The users will be able to monitor their pipelines through the internal_metrics source.
Helps Vector to grow organically within an organization by allowing teams to adopt Vector at their own pace without heavy administrator involvement.
Reduces the management overhead of devops/SREs by enabling teams to manage their own pipelines (spread the management load).

What is the impact of not doing this?

This would force users to maintain complex configuration files and/or to duplicate component configuration across configuration files.

How does this position us for success in the future?

With this representation, we'll be able add access control by, for example, declaring the pipelines inside the configuration files to limit the reachable components. We would also be able to specify a quota for each pipeline.

Drawbacks

Why should we not do this?
What kind of ongoing burden does this place on the team?

Alternatives

Do nothing: we can already use several configuration files, people could split their existing configuration.

This would imply some duplication if a transform is used in multiple configuration files. Anybody that has write access to Vector's configuration folder could add a sink or source. Adding a different folder would allow to separate concerns between a root config and a pipeline.

Do nothing: write a tool that would write a big configuration file where each pipeline would start with a dummy filter that we could monitor in the internal_metrics.

Writing a different tool would increase the difficulty of using this feature. Doesn't add access control regarding who can edit the root config.

Evolve vector to use a tag/filter model like our competitors; have a 'pipeline' be a 'tag'.

This doesn't allow to add internal metrics to specific transforms and monitor them, other than by adding a dummy filter that we could monitor. Doesn't add access control regarding who can edit the root config.

Run a single vector per-'pipeline' and support metric tagging to distinguish at the telemetry level.

Adds a lot of complexity and would add some constraints regarding resources that can only be used once.

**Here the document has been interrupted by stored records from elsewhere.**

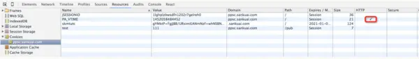 凡是httpOnly类型的cookie,其 HTTP 一列都会打上√,如上图中的PA_VTIME。你通过document.cookie是不能获取的,也不能修改PA_VTIME的。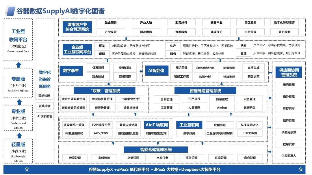 在助力中小制造企业数字化转型方面,谷器数据发挥着重要作用。谷器数据在数字化服务领域拥有二十余年的深耕经验,积累了深厚的行业经验与技术底蕴。面对AI技术带来的变革,谷器数据前瞻性地布局AI前置发展战略,深度融合AI技术与自身产品服务体系。其接入DeepSeek等大模型,打造出基于谷器SupplyX+aPaaS低代码平台+dPaaS大数据+DeepSeek大模型平台构建的谷器数据SupplyAI智能体,能够为企业客户提供更普惠、智能、高效、个性化的数字化解决方案。在AI+低代码平台领域,接入DeepSeek大模型后,平台智能化程度大幅提升,业务人员通过简单拖拽操作,借助智能辅助实现代码自动生成与优化,极大缩短应用开发周期、降低成本。AI+BI解决方案利用大模型强大数据分析能力,深度挖掘企业海量数据,为企业提供精准决策支持。如在生产管理层面,借助SupplyAI智能体,可实现生产数据实时采集与分析,为生产决策提供精准依据,有效解决生产工艺复杂带来的质量控制难度大、生产效率低以及数据采集和分析不足等问题,提升生产效率和质量控制水平。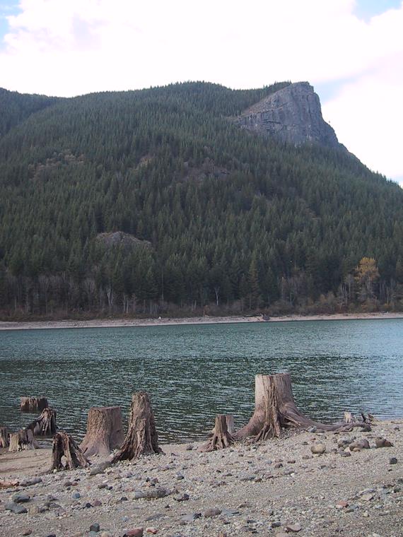 The old town of Moncton lies beneath these waters. It was a logging/railroad town that was submerged by water leaking from a damned up lake uphill.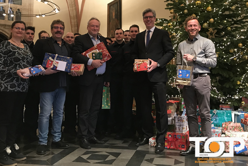 Vier Tage vor dem Fest übergab Philipp die Präsente an die Vertreter der beteiligten Einrichtungen Maria im Tann – Zentrum für Kinder-, Jugend- und Familienhilfe, Evangelische Kinder- und Jugendhilfe Aachen-Brand und Zentrum für soziale Arbeit Burtscheid.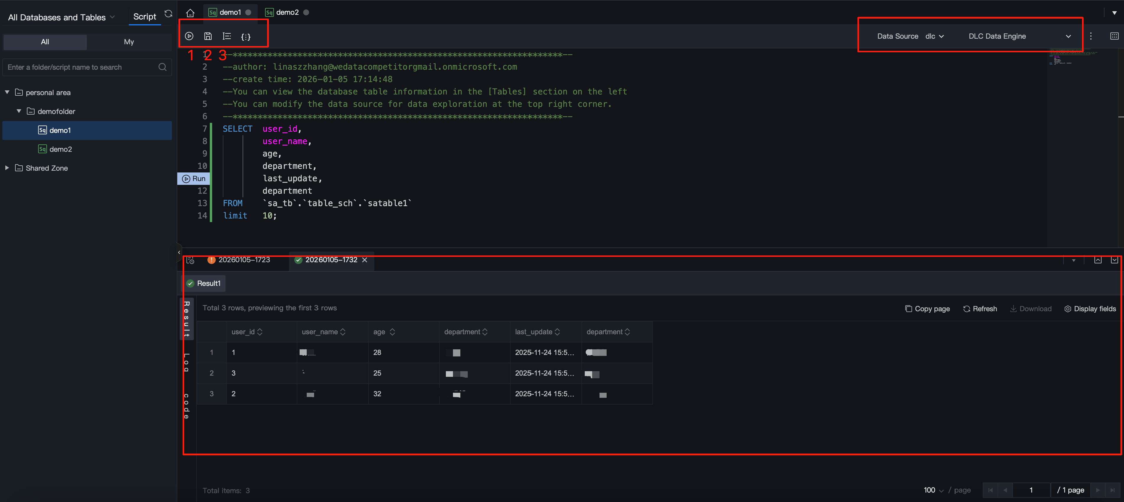 WeData SQL Exploration feature, oriented to data developers and business analysts, provides a convenient and quick data query and analysis IDE. It supports connecting to big data engines such as EMR and DLC for data exploration. Currently covered data source ranges include EMR-Hive, EMR-Kyuubi, EMR-Trino, EMR StarRocks, DLC, and TCHouse-X.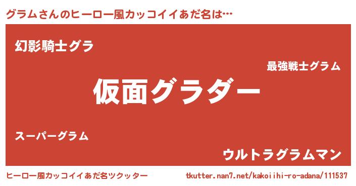| 男性向けラノベタイトル風あだ名 | 『この素晴らしい世界にグラムを!』 |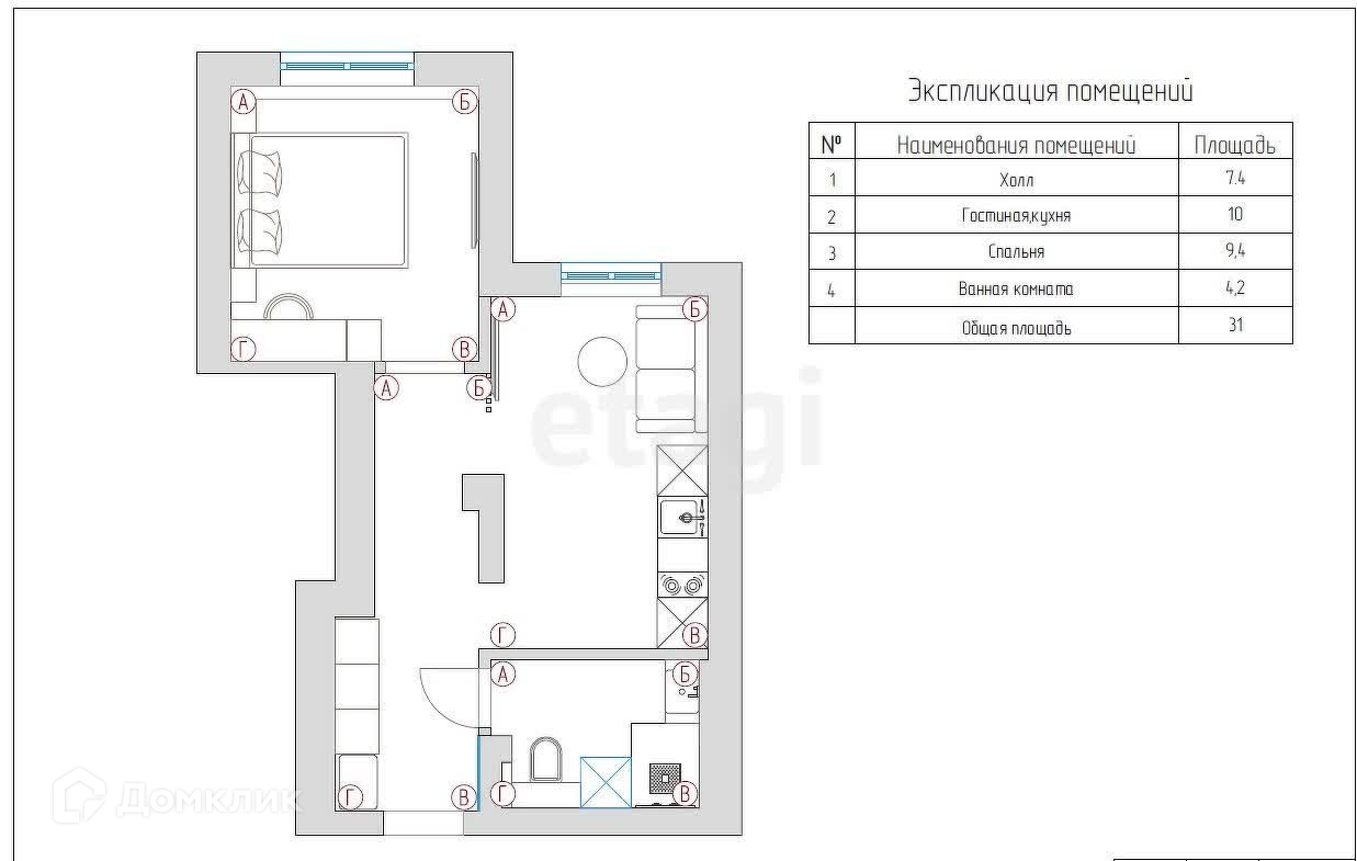 Общая площадь: 30 м².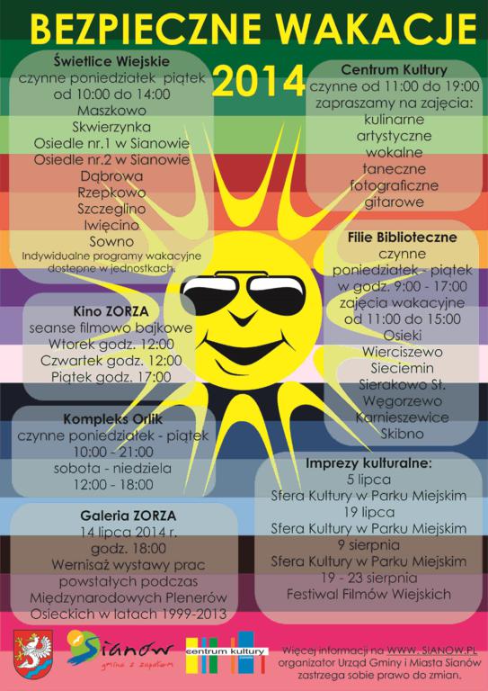Zapraszamy na zajęcia wakacyjne dla dzieci i młodzieży organizowane przez Centrum Kultury i Bibliotekę Publiczną Gminy i Miasta Sianów. Uczestnicy mają do wyboru zajęcia kulinarne, artystyczne, wokalne, taneczne, teatralne, fotograficzne oraz gitarowe. Wstęp na zajęcia jest wolny pod warunkiem złożenia deklaracji. Warsztaty odbywają się codziennie w godzinach od 11 do 19 zgodnie z grafikiem. Jest to jedna z form spędzenia wakacji w Gminie Sianów, oprócz tego własne zajęcia organizują poszczególne filie biblioteczne i świetlice wiejskie. Dzieci będą mogły skorzystać również z seansów filmowych w kinie "Zorza" w Sianowie wyświetlanych we wtorki i czwartki o godzinie 12 oraz w piątki o godzinie 17.
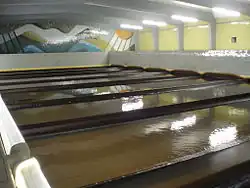 Nachdem das Wasser die Accelatoren verlassen hat, wird ihm Kalkhydrat zugegeben. In der Filterhalle wird es über offenen Filterkies geführt. Dabei werden Reste von Huminstoffen und Eisen entfernt. Durch Mikroorganismen wird Ammonium zu Nitrat gewandelt. Mangan wird abgeschieden. Die Reinigung ist abgeschlossen.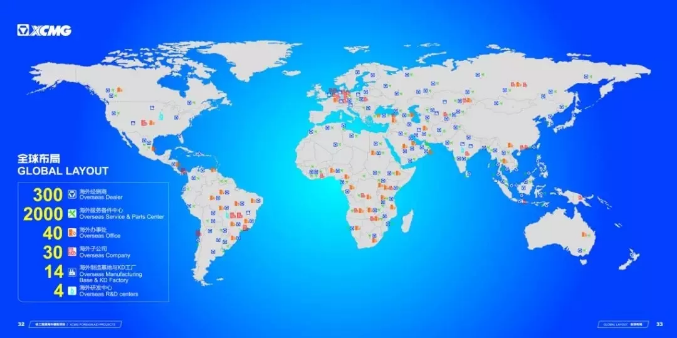 En la actualidad, los productos del XCMG se han vendido a 183 países y regiones, y se han establecido 5 centros de I + D en el extranjero por todo el mundo, 15 bases de fabricación en el extranjero y fábricas de KD. La exportación de productos en los países y regiones a lo largo de la "Iniciativa de Cinturón y la Ruta de Seda" ha representado el 70% del valor total de exportación del XCMG. Los productos del XCMG han cubierto 63 países y regiones a lo largo de la línea. En la actualidad, los productos del XCMG tienen la mayor participación de exportación en 30 países a lo largo de la "Iniciativa de Cinturón y la Ruta de Seda". La participación de las exportaciones en Kazajstán, Uzbekistán, Filipinas, Pakistán y otros países supera un 50%.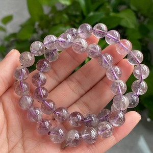 9mm 2PCS Natural Rare Purple Phantom Crystal Round Beads Bracelet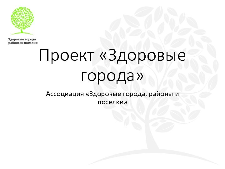 Проект «Здоровые города» Ассоциация «Здоровые города, районы и поселки»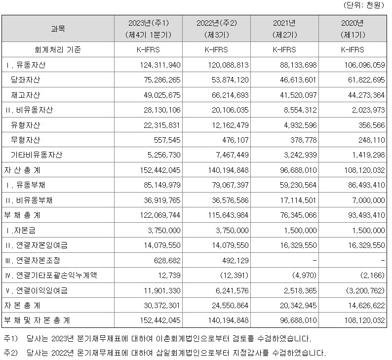 연결재무상태표, 연결손익계산서, 연결자본변동표는 아래와 같습니다.

Doesn't block to create other sources/sinks.

Outstanding Questions

Plan Of Attack

Create the Pipeline structure and parse a pipeline's configuration file
Update compiler to take the pipelines into consideration during validation
Update topology with pipeline's components
Update the context for taking pipeline information

Future Improvements

Implement a mechanism to avoid Vector to stop when a pipeline is misconfigured. This could be done by just logging the error and ignoring the pipeline.
Allow to customize the pipelines location.